The wipers could be hung on the ram. Curro, Do you have plenty of fluid? Harold, Try lifting the plow with a jack while you raise it. just a little should push should do it if it is stuck.


----------



## floriolandscape (Dec 12, 2010)

I had the same issue with my sno way 26 series this year. But, mine wouldn't move at all. Always stored indoors and maintained with proper care. I exhausted all of my options and finally took it to the dealer, turns out it was the main relief valve that had blown. In cases such as these make sure you know what you're doing, if you don't you're better off paying the shop to fix it up for you.


----------



## BruceLyon (Nov 9, 2011)

*sno way plow*

Basher, what do you think, is this a common problem with the sno-ways? I'm currently shopping plows for my 2007 Ram 4x4, and am hoping to get advice on the overall performance and durabilty of the sno-way plows...you guys like them??

Thanks in adance!


----------



## basher (Nov 13, 2004)

No blown relief valves while sitting is something I have never seen. Normally when they are hung after the summer it is just dry/tight wipers on the rams


----------



## blazer2plower (Nov 19, 2011)

BruceLyon;1386957 said:


> Basher, what do you think, is this a common problem with the sno-ways? I'm currently shopping plows for my 2007 Ram 4x4, and am hoping to get advice on the overall performance and durabilty of the sno-way plows...you guys like them??
> 
> Thanks in adance!


I love my 24D my next plow will be a sno-way with wings I do take care of my plow I wipe it down with fluid film a few times a year. If you take care of it. It will take care of you.

I love my Z


----------



## BruceLyon (Nov 9, 2011)

Thanks!! I apreciate your insight.


----------



## the_jack_82 (Dec 23, 2011)

*SNOWAY Instal question*

A couple questions about wiring a SNOWAY.
we purchased a 28D V plow that came off a 2000 chevy 3500 (old body style), and thats what we are mounting it on
















On the W1 Harness (#96103237) R1 Terminal (gray, Tan and Brown Wires) that go to the solenoid, there was a diode (I think, see pic) between a wire, is it needed (it was unplugged in the box when we got it.

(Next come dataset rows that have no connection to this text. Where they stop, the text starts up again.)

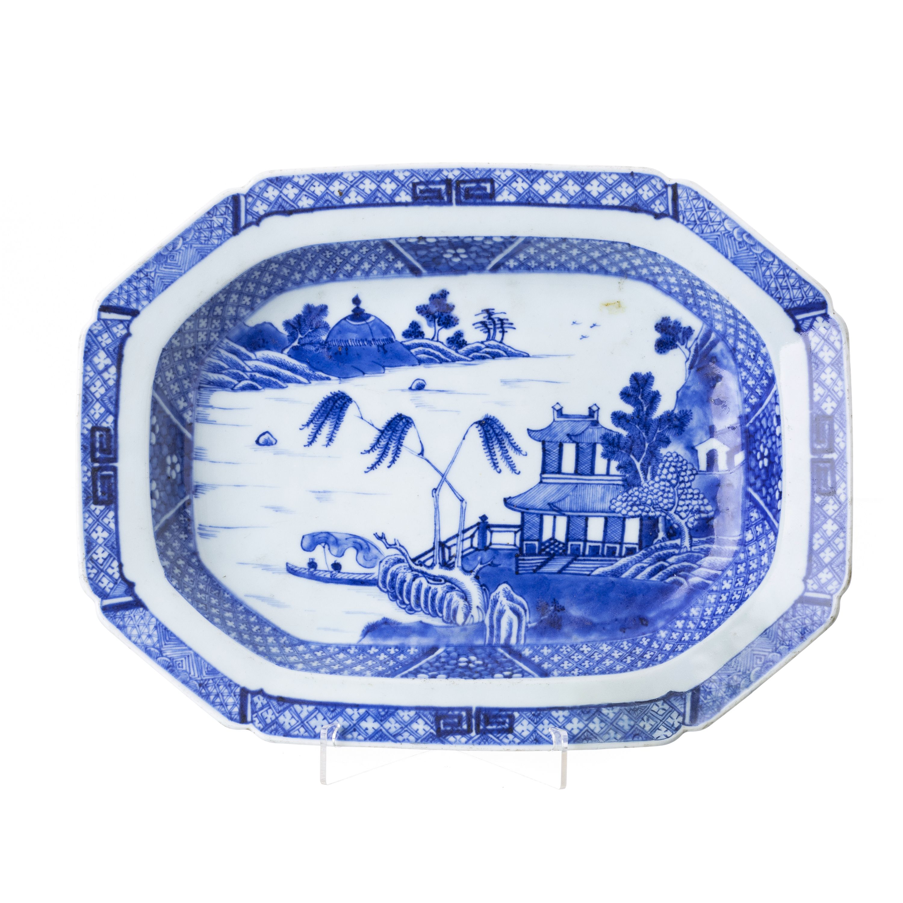 China, período Qianlong, decoração a azul e branco representando paisagem fluvial com pagodes. Dim.: 37,5 cm.
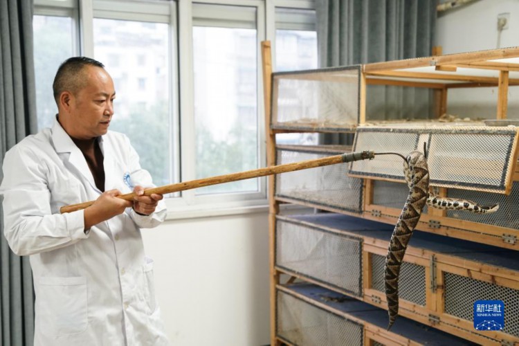 11月8日,在安徽省祁门蛇伤研究所,工作人员取出五步蛇用于研究。
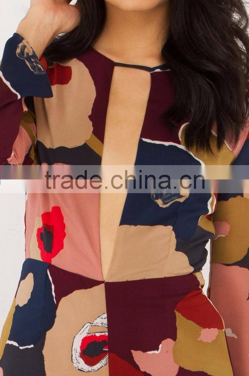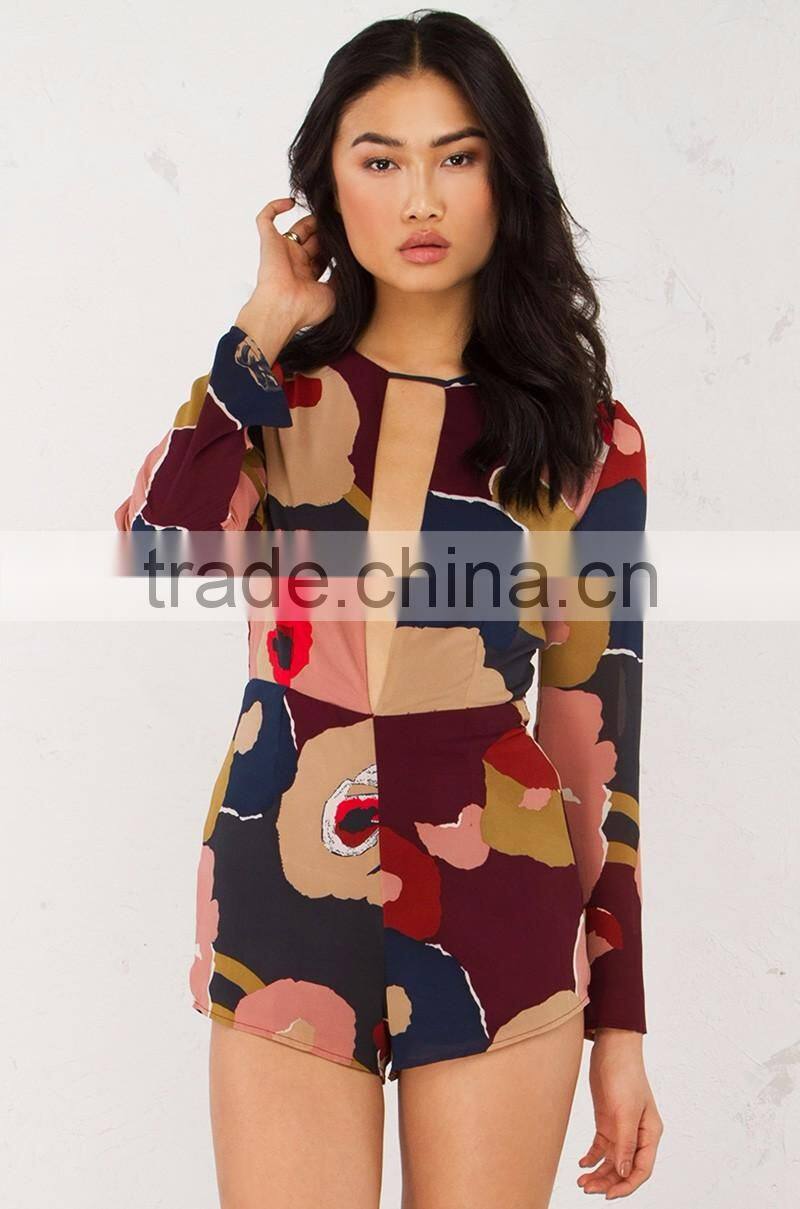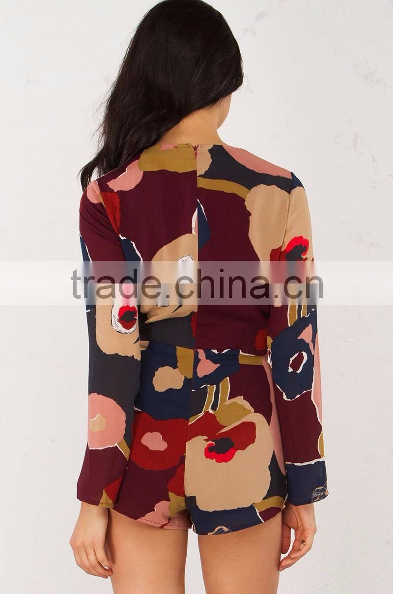 Printing Long Sleeve V Neck Playsuit Jumpsuits for Women 2016 Sexy
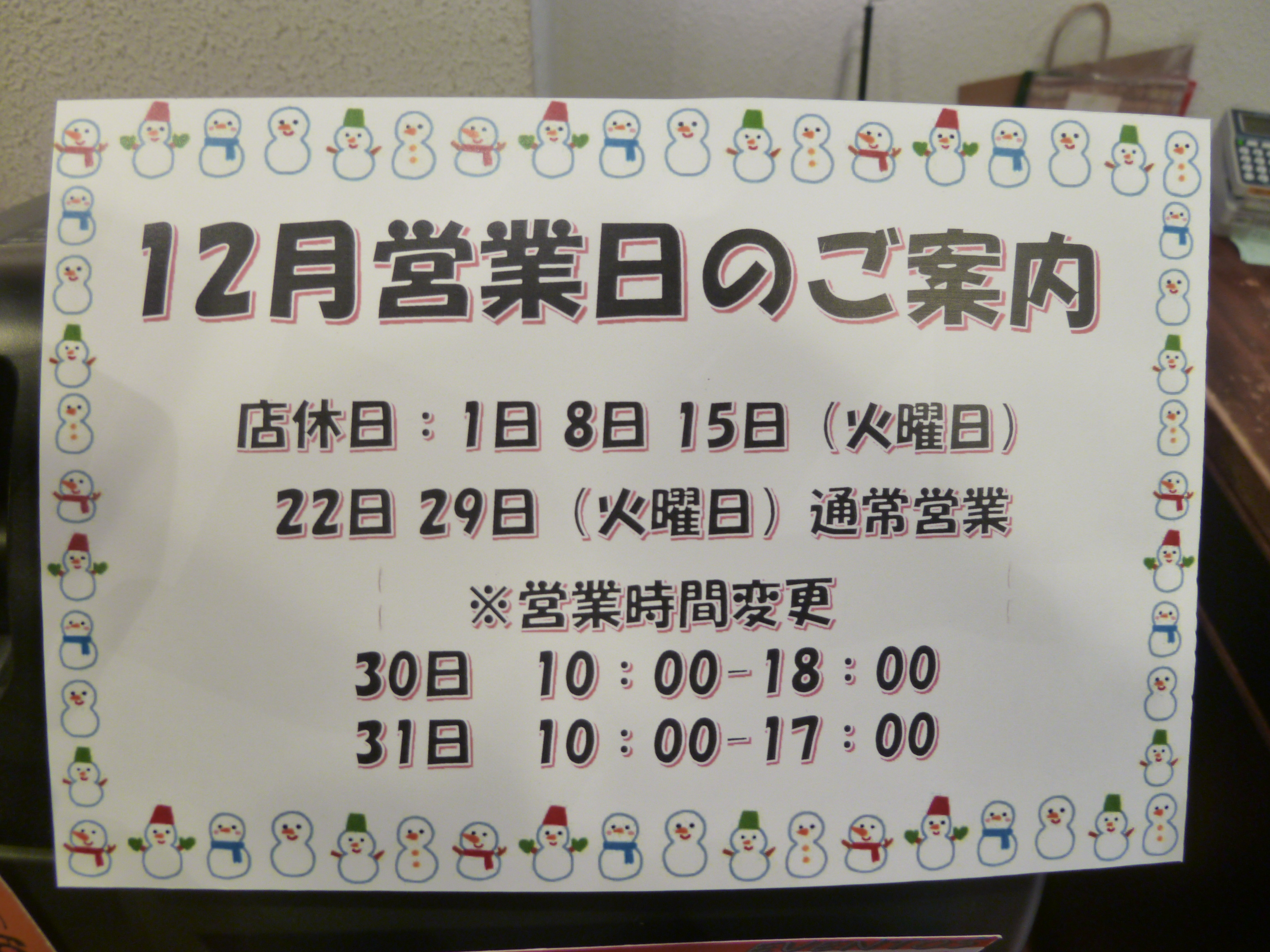12月営業日のお知らせ
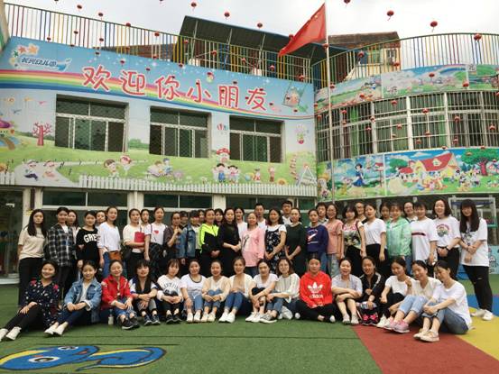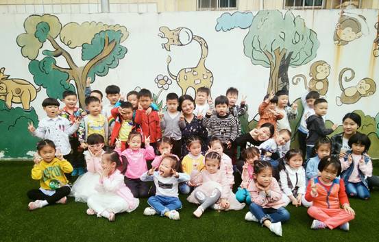 图为员工与见习班级幼儿合影
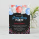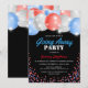 Convite de festa militar patriótica para celebrar um soldado que vai embora para o serviço nacional, ou para celebrar sua volta para casa. Com balões vermelhos, brancos e azuis, brilho de festa, luzes de corda e um modelo de festa moderno.
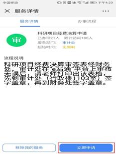 3、点击【立即申请】,填写科研项目经费决算审签表,确认无误后点击【正式提交】。
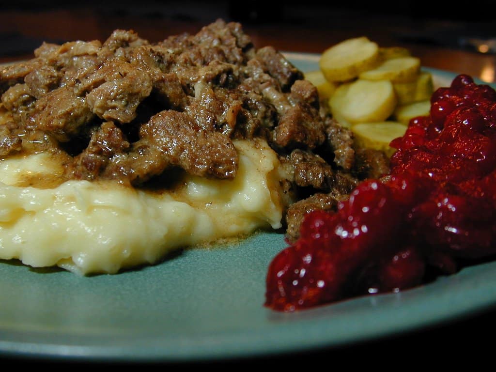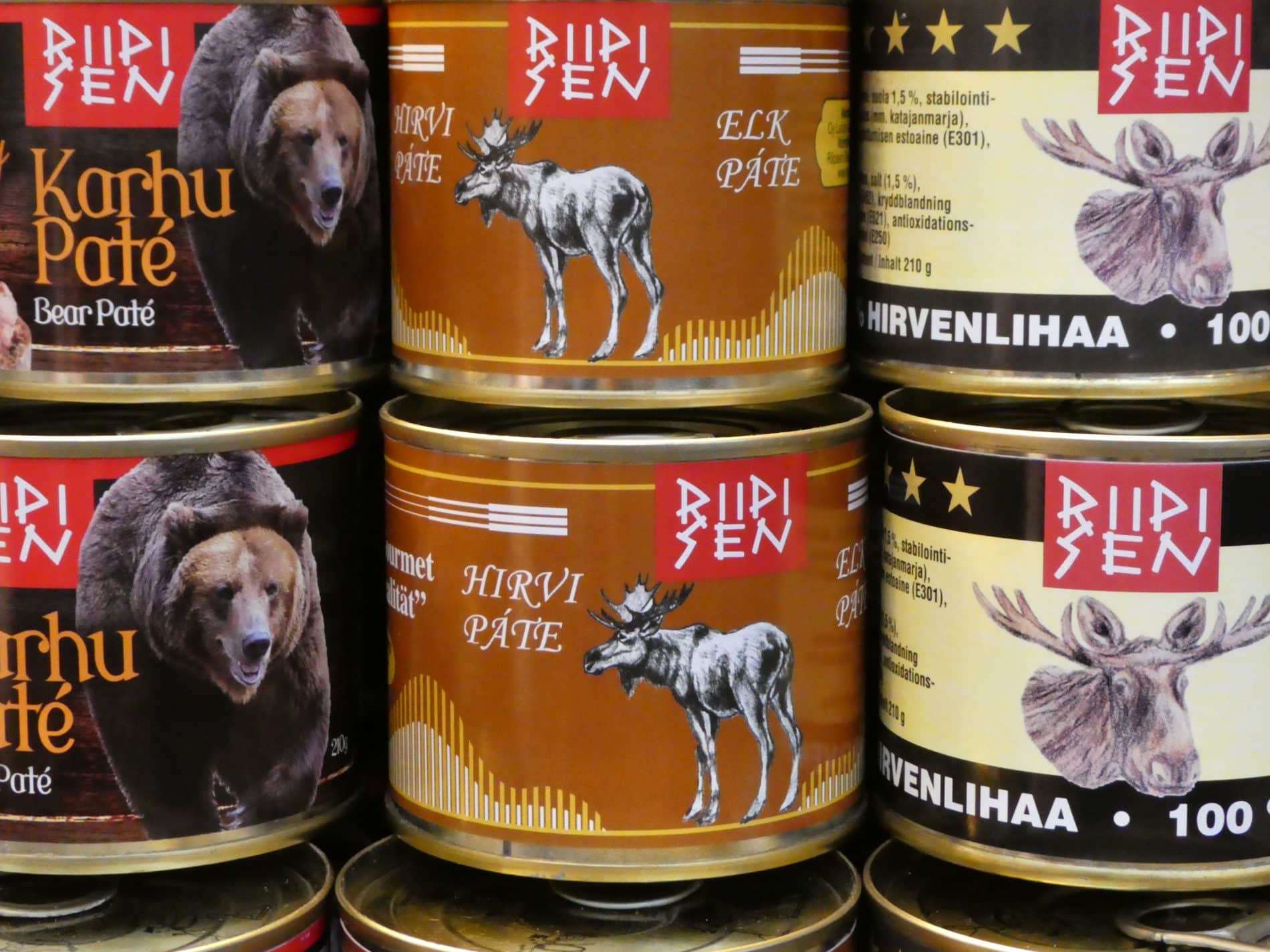 On trouve des rennes dans toute la Laponie, il y aurait plus de rennes que d’habitants pour vous dire! Les finlandais en consomment en ragout, en soupe, en terrine, en saucisson. Je ne suis pas une « viandarde » mais j’ai voulu gouté furtivement cet animal dont la texture rappelle celle du bœuf. Le plat authentique « Poronkäristys » est un ragout de renne, particulièrement apprécié qui se déguste en toutes saisons, accompagné de purée et d’airelles rouges. Quelques informations: la viande de renne est l’une des viandes les plus saines et maigre avec une forte concentration en vitamine B, Oméga 3. Poro signifie « renne » et käristys signifie « sauté ». D’autres viandes sont vendues en supermarché, je vous laisse les découvrir ci-dessous. Et oui, l’ours et l’élan sont des animaux mangés en Finlande!
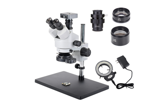 This stereo microscope has a 144-LED ring light that offers super widefield optics and 7X-90X zoom magnification power with a cool light illumination system. It is an ideal instrument for industrial inspection and/or biological lab applications. This microscope is perfect for gemologists , manufacturing engineers, dental lab technicians, and anyone in electronic and semiconductor industries.

And also on the W1 harness, the red black goes to ignition, do you get this from under the hood at the fuse box, or under dash? Then the R2 (black wire) Is that a ground?

Also, where in the heck is there room to shove the wires through the grill?


----------



## basher (Nov 13, 2004)

Yes, you need the diode. 
The red wire is a keyed 12 volt
the black wire is a ground.


----------



## the_jack_82 (Dec 23, 2011)

Great Thanks!
Keyed 12 volt from anywhere?
And thanks again, I hate the smell of burning wires!


----------



## the_jack_82 (Dec 23, 2011)

Oh yeah,
where would you put the wires, with the hook ups, through the grill? Go under the bumper? Cut a hole in the hood?


----------



## basher (Nov 13, 2004)

normally below the bumper


----------



## the_jack_82 (Dec 23, 2011)

Thank You!


----------



## Hippie (Jan 14, 2011)

BruceLyon;1386957 said:


> Basher, what do you think, is this a common problem with the sno-ways? I'm currently shopping plows for my 2007 Ram 4x4, and am hoping to get advice on the overall performance and durabilty of the sno-way plows...you guys like them??
> 
> Thanks in adance!


I love my 29hd with the polly shield Thumbs Up


----------